Умер мой самый любимый актер театра "Эрмитаж". Его герои были одновременно комичными, нежными и печальными. Беззащитными. Без него для меня театра наполовину нет... Очень жалею, что не успела поделиться его спектаклями со всеми дорогими мне людьми, чтобы остались в памяти.
____________________________________________________
Оригинал взят у
d_serpokrylov в
"Я вынул из головы шар!"Ушел из жизни любимейший эрмитажный артист Геннадий Владимирович Храпунков.
Мне кажется, он сыграл ВО ВСЕХ ГЛАВНЫХ спектаклях Михаила Захаровича. Невозможно забыть его прошлые роли, трудно представить, как можно заменить его в идущих спектаклях, для одной лишь последней премьеры - невосполнимая утрата!...
Словно закончилась одна эпоха и началась другая.
Вот давняя статья о Геннадии Владимировиче с сайта театра с подробнейшими примечаниями.
Геннадию Храпункову ПОСВЯЩАЕТСЯ...
Валерия Селиванова, Театральная жизнь, 2002, № 4, С. 20-22, 2002
Галантный термин «дружеский шарж», привившийся в нашей практике
в годы культа личности, так же бессмыслен,
как «вражеский пейзаж» или «приятельский натюрморт».
Вероятно, этот термин рожден карикатуристами из боязни обидеть людей,
не понимающих юмора и способных за него отомстить.
Н. П. Акимов
Я вынул из головы шар!" - сказал однажды Даниил Иванович Хармс. И все удивились. Другое дело - Геннадий Владимирович Храпунков (1). Для него извлечение шаров из собственной головы давно уже стало привычным занятием, так что никто даже и не подумает удивиться странному поведению Геннадия Владимировича, тем более, посмеяться над ним.
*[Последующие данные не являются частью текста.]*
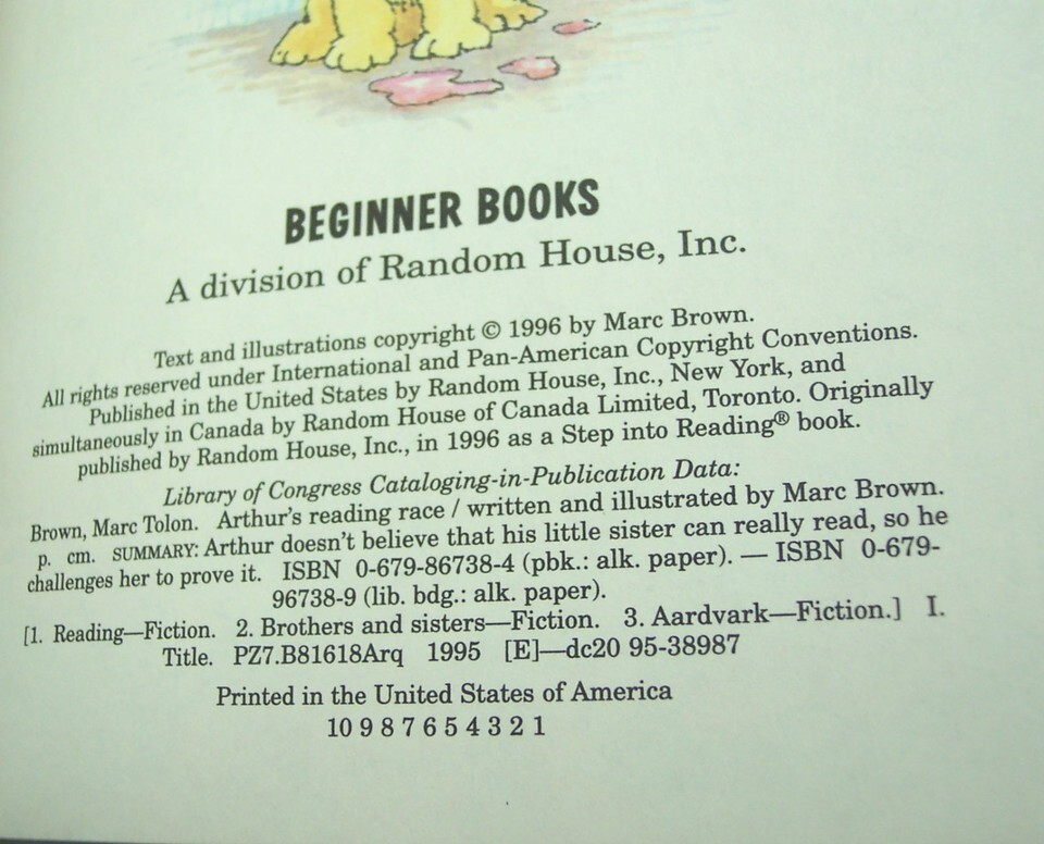 Vintage 1996 Marc Brown ARTHUR'S READING RACE Hardcover Book Beginner Books NEW

Впервые Геннадий Владимирович вынул из головы шар в городе Охе, что на севере Сахалина.
Тогда он учился в 8 классе. Учительница попросила Геннадия Владимировича провести прямую из точки А в точку Б. И Геннадий Владимирович не смог. Потому что был к тому времени уже не Геннадием Владимировичем, а Степаном из гоголевской «Женитьбы» (2). Пожалуй, именно с этого момента и начинается та история, которую мы хотим рассказать. С тех пор, как Геннадий Владимирович превратился в Степана, с ним начало происходить нечто странное. На экзамене по алгебре в вечерней школе он начал читать стихи великих русских поэтов. Этот же трюк Геннадий Владимирович пытался повторить и в институте (3), но преподаватель по истории партии этого не одобрил. Геннадий Владимирович приходил к нему 99 раз - и все безрезультатно. Когда же Геннадия Владимировича выгнали из института, то он и вовсе не понял, что с ним произошло, потому что вынимал из своей головы очередной шар.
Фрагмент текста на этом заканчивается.